The Indians did not participate in a post-season tournament.

==Program notes==
- Jeff Cohen was named the Southern Conference Men's Basketball Player of the Year, the first ever conference player of the year award for a William & Mary player. The only other players to be named conference players of the year (SoCon, ECAC South, or CAA) have been Tom Jasper in 1970–71 and Marcus Thornton in 2014–15.
- William & Mary's appearance in the Southern Conference championship game would be the second of nine such appearances (the others came in 1959, 1965, 1975, 1983, 2008, 2010, 2014, and 2015).
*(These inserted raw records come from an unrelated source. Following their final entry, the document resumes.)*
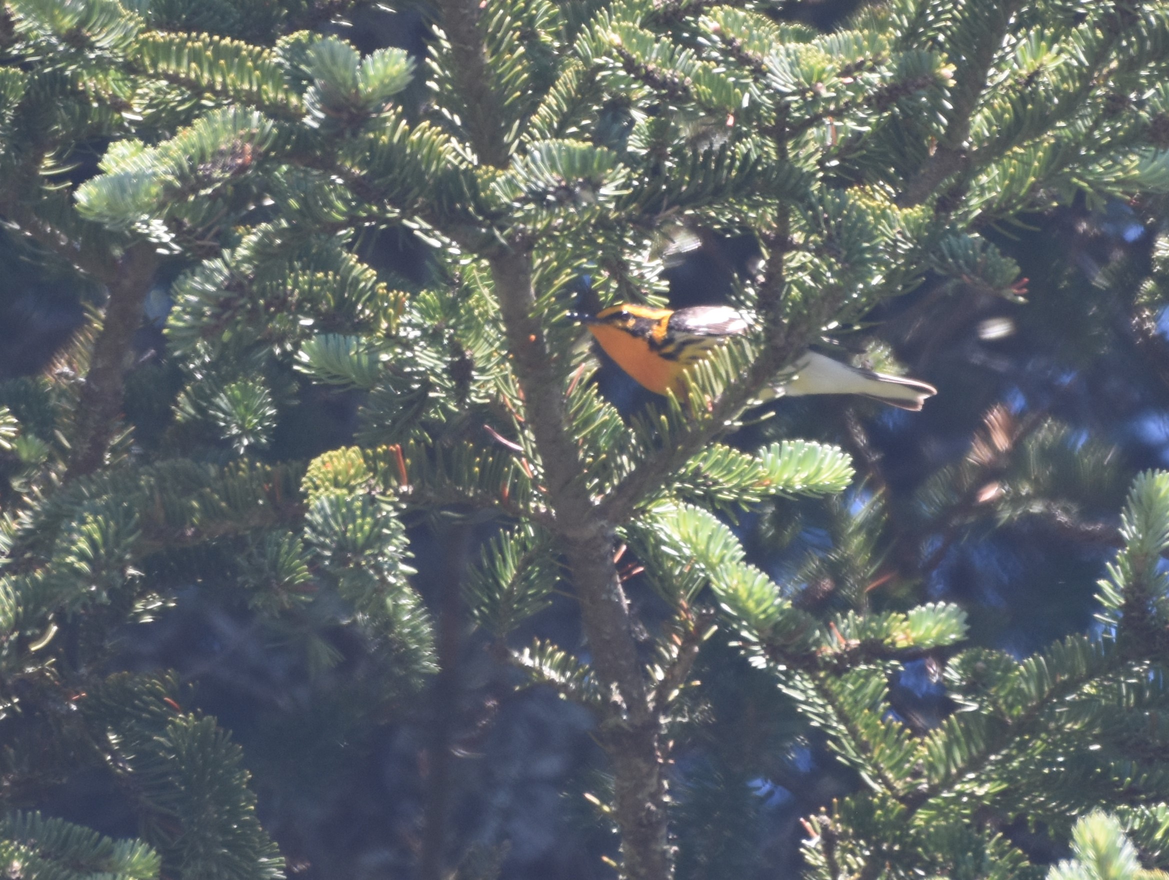Blackburnian Warbler Setophaga fusca is one of the more special of the wood warblers, with it's orange breast and head stripes. Don found this guy high in a fir tree.
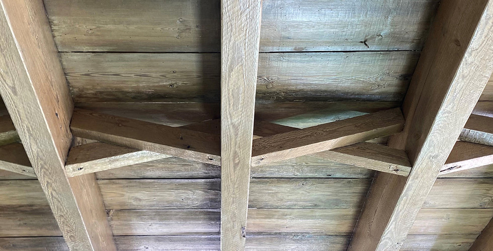 Historic internal studwork and quirky noggins between floor joists are being retained and expressed as part of our brilliant client’s pared back vision for the interior.
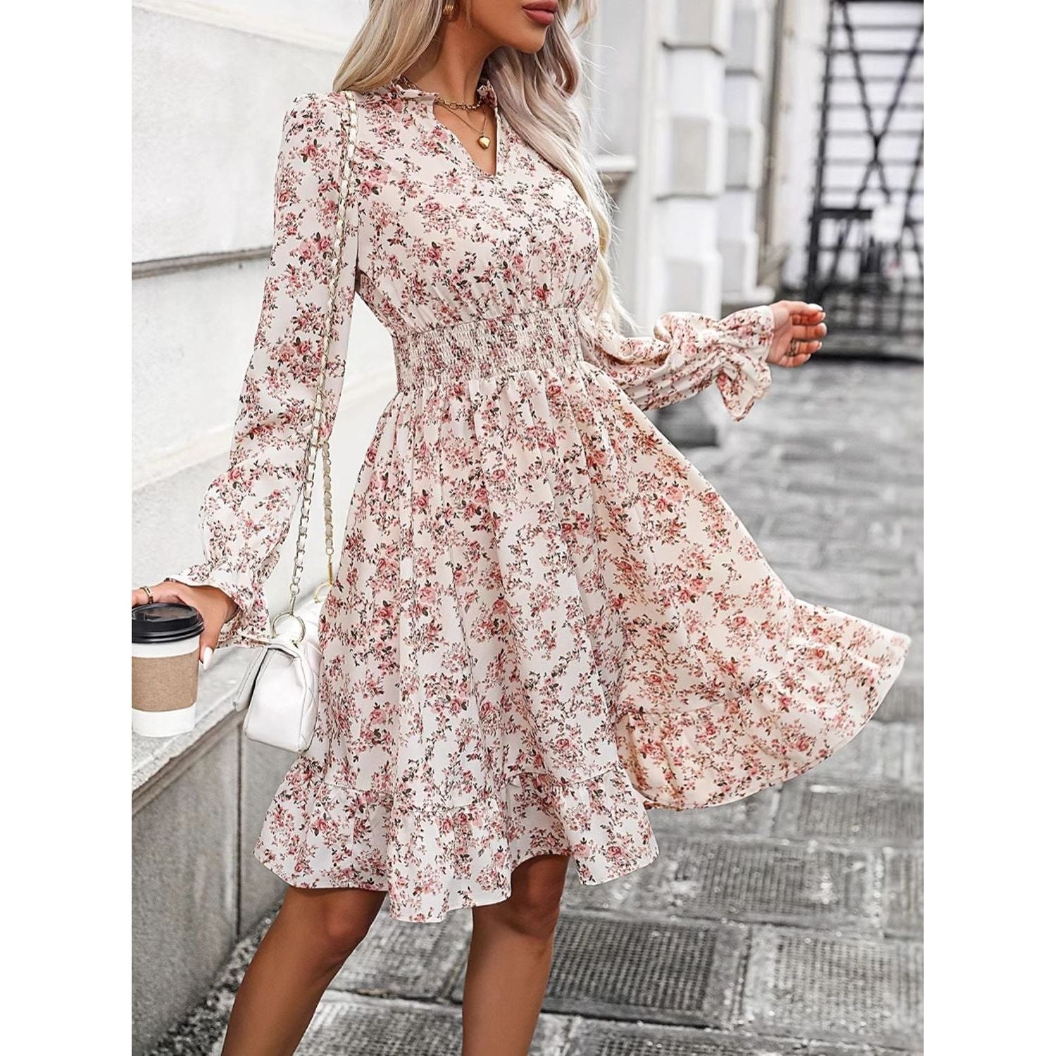 Ruffle Hem Floral Surplice Long Sleeve Dress

Each of these games were also losses.

==Schedule==

| Regular season |

| Date time, TV | Rank^{#} | Opponent^{#} | Result | Record | Site city, state |
Regular season
| * |  | Hampden–Sydney | W 113–75 | 1–0 | Blow Gymnasium Williamsburg, VA |
| December 3 |  | at West Virginia | L 72–74 | 1–1 (0–1) | Stansbury Hall Morgantown, WV |
| December 5* |  | at Tennessee | L 76–83 | 1–2 | University of Tennessee Armory–Fieldhouse Knoxville, TN |
| December 10 |  | VMI | W 66–58 | 2–2 (1–1) | Blow Gymnasium Williamsburg, VA |
| December 14 |  | at George Washington | W 61–57 | 3–2 (2–1) | Fort Myer Gymnasium Fort Myer, VA |
| December 17 |  | Davidson | W 54–49 | 4–2 (3–1) | Blow Gymnasium Williamsburg, VA |
| December 20* |  | Virginia | W 80–50 | 5–2 | Memorial Gymnasium Charlottesville, VA |
| December 29* |  | vs. Virginia UR Invitational | W 91–75 | 6–2 | Richmond Arena Richmond, VA |
| December 30* |  | at Richmond UR Invitational | L 87–101 | 6–3 | Richmond Arena Richmond, VA |
| January 3 |  | at Furman | L 56–78 | 6–4 (3–2) | Greenville Memorial Auditorium Greenville, SC |
| January 4 |  | at Davidson | L 45–54 | 6–5 (3–3) | Johnston Gym Davidson, NC |
| January 7 |  | at Richmond | W 63–60 | 7–5 (4–3) | Richmond Arena Richmond, VA |
| January 10 |  | The Citadel | L 63–64 | 7–6 (4–4) | Blow Gymnasium Williamsburg, VA |
| January 14 |  | VPI | W 74–60 | 8–6 (5–4) | Blow Gymnasium Williamsburg, VA |
| January 28 |  | vs. West Virginia | L 69–76 | 8–7 (5–5) | Norfolk Municipal Auditorium Norfolk, VA |
| February 1 |  | Furman | W 65–57 | 9–7 (6–5) | Blow Gymnasium Williamsburg, VA |
| February 8* |  | at Navy | L 69–76 | 9–8 | Dahlgren Hall Annapolis, MD |
| February 11 |  | George Washington | W 85–80 | 10–8 (7–5) | Blow Gymnasium Williamsburg, VA |
| February 14 |  | at VPI | L 67–85 | 10–9 (7–6) | War Memorial Gymnasium Blacksburg, VA |
| February 17 |  | at VMI | W 86–77 | 11–9 (8–6) | Cormack Field House Lexington, VA |
| February 25 |  | Richmond | W 105–84 | 12–9 (9–6) | Blow Gymnasium Williamsburg, VA |
1961 Southern Conference Basketball Tournament
| March 2 |  | at (5) Furman Quarterfinals | W 86–84 ^{3OT} | 13–9 | Richmond Arena Richmond, VA |
| March 3 |  | vs. No. 8 (1) West Virginia Semifinals | W 88–76 | 14–9 | Richmond Arena Richmond, VA |
| March 4 |  | vs. (7) George Washington Championship | L 82–93 | 14–10 | Richmond Arena Richmond, VA |
*Non-conference game. ^{#}Rankings from AP Poll. (#) Tournament seedings in parentheses.